* _What you will do_
A faithful copy is required of the lines from the top of the entries through the line that contains "Christmas Letter Sweatshirt, Custom", both included, with no pictures.

* _Dataset content_
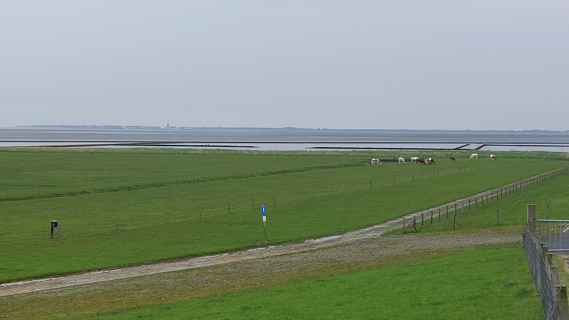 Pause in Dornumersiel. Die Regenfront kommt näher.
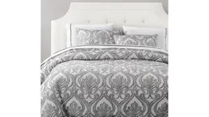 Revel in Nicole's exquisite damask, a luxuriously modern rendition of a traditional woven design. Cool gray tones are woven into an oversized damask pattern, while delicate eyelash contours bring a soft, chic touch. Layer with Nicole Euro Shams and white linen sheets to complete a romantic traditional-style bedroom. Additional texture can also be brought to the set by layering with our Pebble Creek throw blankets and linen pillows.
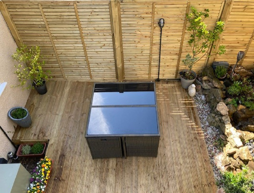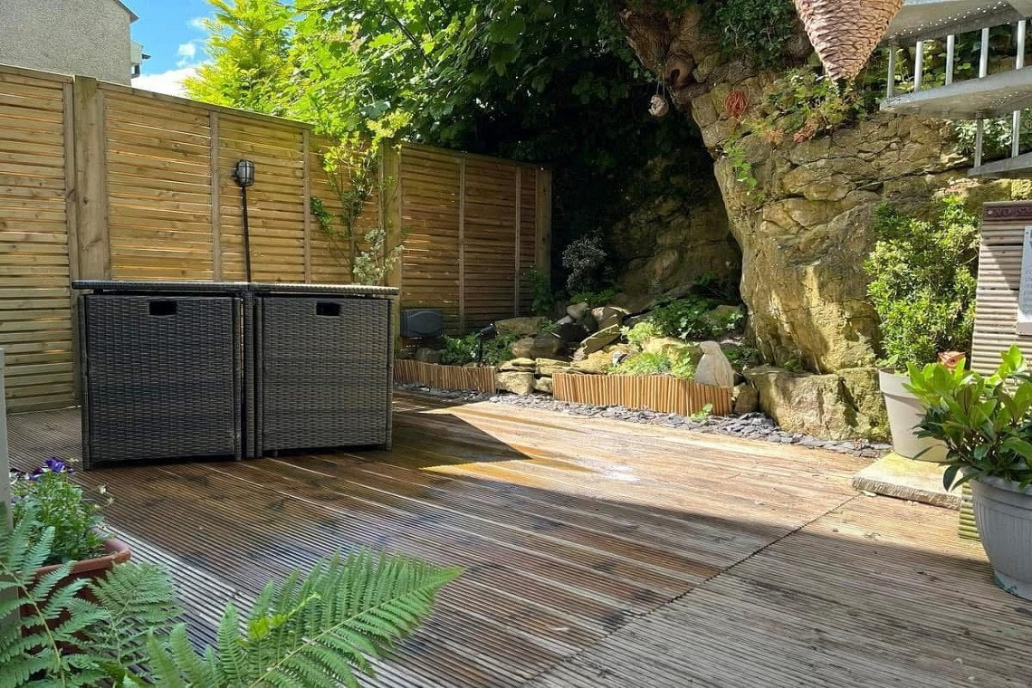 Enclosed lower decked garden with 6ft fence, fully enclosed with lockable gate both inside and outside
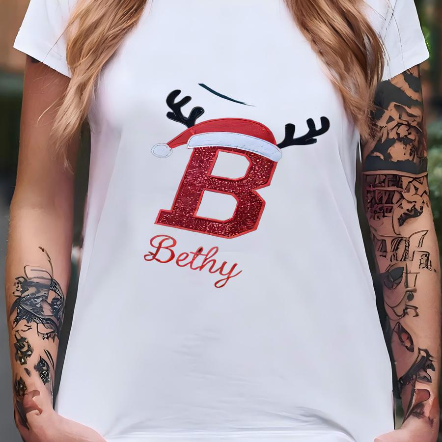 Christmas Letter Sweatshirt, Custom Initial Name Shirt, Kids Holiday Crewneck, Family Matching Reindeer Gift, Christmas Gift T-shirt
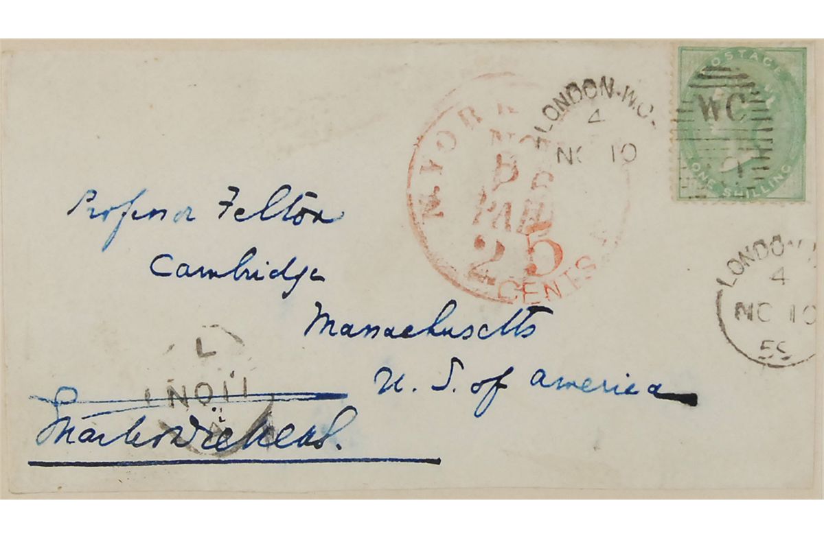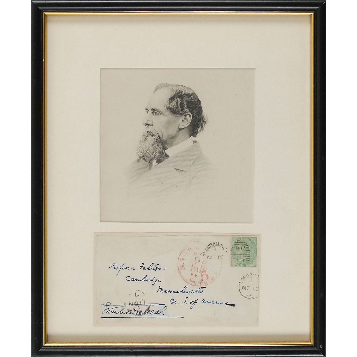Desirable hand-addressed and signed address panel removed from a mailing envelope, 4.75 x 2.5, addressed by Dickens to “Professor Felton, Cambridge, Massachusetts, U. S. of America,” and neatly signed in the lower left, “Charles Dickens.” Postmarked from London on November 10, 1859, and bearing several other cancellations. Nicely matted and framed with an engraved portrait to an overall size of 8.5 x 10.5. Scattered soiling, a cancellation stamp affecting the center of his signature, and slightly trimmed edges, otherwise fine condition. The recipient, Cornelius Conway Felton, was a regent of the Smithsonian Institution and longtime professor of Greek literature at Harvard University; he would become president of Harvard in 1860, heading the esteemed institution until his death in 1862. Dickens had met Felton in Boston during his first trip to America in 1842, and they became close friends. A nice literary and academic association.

* _Solution_
 Pause in Dornumersiel. Die Regenfront kommt näher.
 Revel in Nicole's exquisite damask, a luxuriously modern rendition of a traditional woven design. Cool gray tones are woven into an oversized damask pattern, while delicate eyelash contours bring a soft, chic touch. Layer with Nicole Euro Shams and white linen sheets to complete a romantic traditional-style bedroom. Additional texture can also be brought to the set by layering with our Pebble Creek throw blankets and linen pillows.
 Enclosed lower decked garden with 6ft fence, fully enclosed with lockable gate both inside and outside
 Christmas Letter Sweatshirt, Custom Initial Name Shirt, Kids Holiday Crewneck, Family Matching Reindeer Gift, Christmas Gift T-shirt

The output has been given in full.